Biography
Technology has saturated our lives and, while it is a welcome addition to most, the subtlety of this gradually accelerated invasion has created a dependency which has gone virtually unnoticed. Ease of use and the infusion of intuitive user interfaces have increasingly integrated electronics into our daily routines. Much of my work serves to highlight this phenomenon and to call attention to the sometimes overlooked proliferation of digital media into our lives.
From a material standpoint, I choose media as a means to an end, as well as for its individual conceptual components. I utilize non-conventional materials, such as micro-controllers, video game engines, found objects, ice, modified electronics, custom built circuits, GPS, fiber glass, and plastics, as well as more traditional media, such as oil paint, graphite, charcoal, marble, steel, aluminum, and ink, to name a few.

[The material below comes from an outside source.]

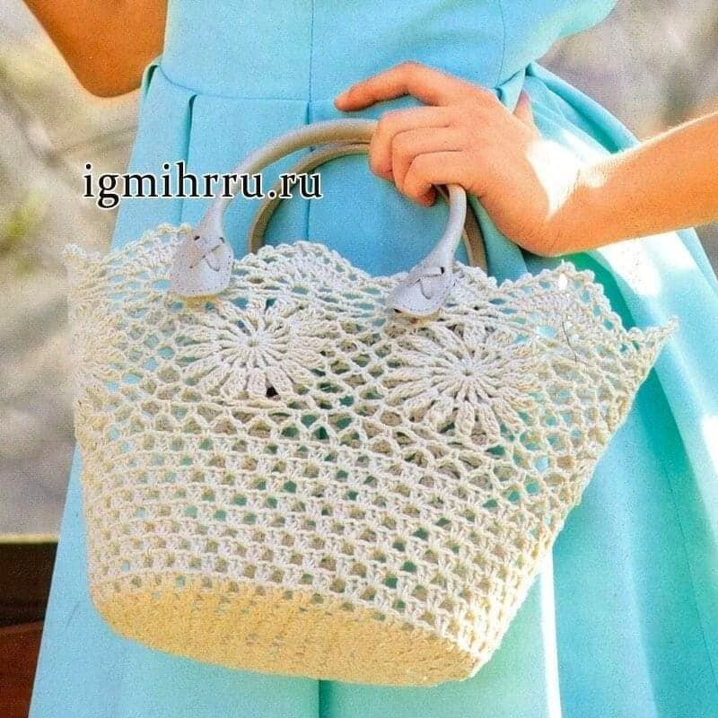 Мои друзья, подброшу вам ещё немного идей с сумками. Как-то эта тема очень хорошо вошла в интернете и в жизни. И это понятно - во-первых, можно сделать сумочку самому, причем если не сложную, то уж совсем простую спицами и крючком. А можно ещё проявить фантазию и навешать на неё всякие украшения, цветочки, пуговки, и вы - в тренде))). Ваша сумка вообще единственная в мире. Это прямо завораживает. Начнем. 1. Корзинка крючком со схемой. 2. Бабушкин квадрат - игра цвета и новая сумка готова) 4. Немного идей больших шопперов крючком. Раньше мы это называли сумки хозяйственные))), и так мне даже больше нравится. И тут уж не до каблуков. И сразу вспоминается - " я и баба, и мужик" Мне кажется в эту сумку я и сама бы поместилась))): 5. Сумка зигзагами со схемой. 6. Сумочка с колосками крючком. Схема. 7. Интересная по дизайну сумка крючком. Вязка может быть разной. Выкройка сумки. 8. 9. Хорошенькая сумочка крючком. Прям похожа на ловца снов, неправда ли? Схема вязки сумки.

I am interested in visual and conceptual contrasts and, as a whole, I work to integrate disparate entities. Although incongruent when directly compared, all of these subjects form informational filaments that reach out to each other, support, and intertwine in order to create a hybrid view point. Memory, for example, does not simply signify the past but now represents how we access the past through neurological retrieval, changing views, the visual representation of memory, temporal distortions, linearity, and metaphor. This view does not remain static but retains a fluidity that allows it to shift and bend like so many ripples in a pond. Pairing this theme with diverse media, such as interactive sculpture and digital simulations, allows me to comment directly on a subject as well as the array of information held within it.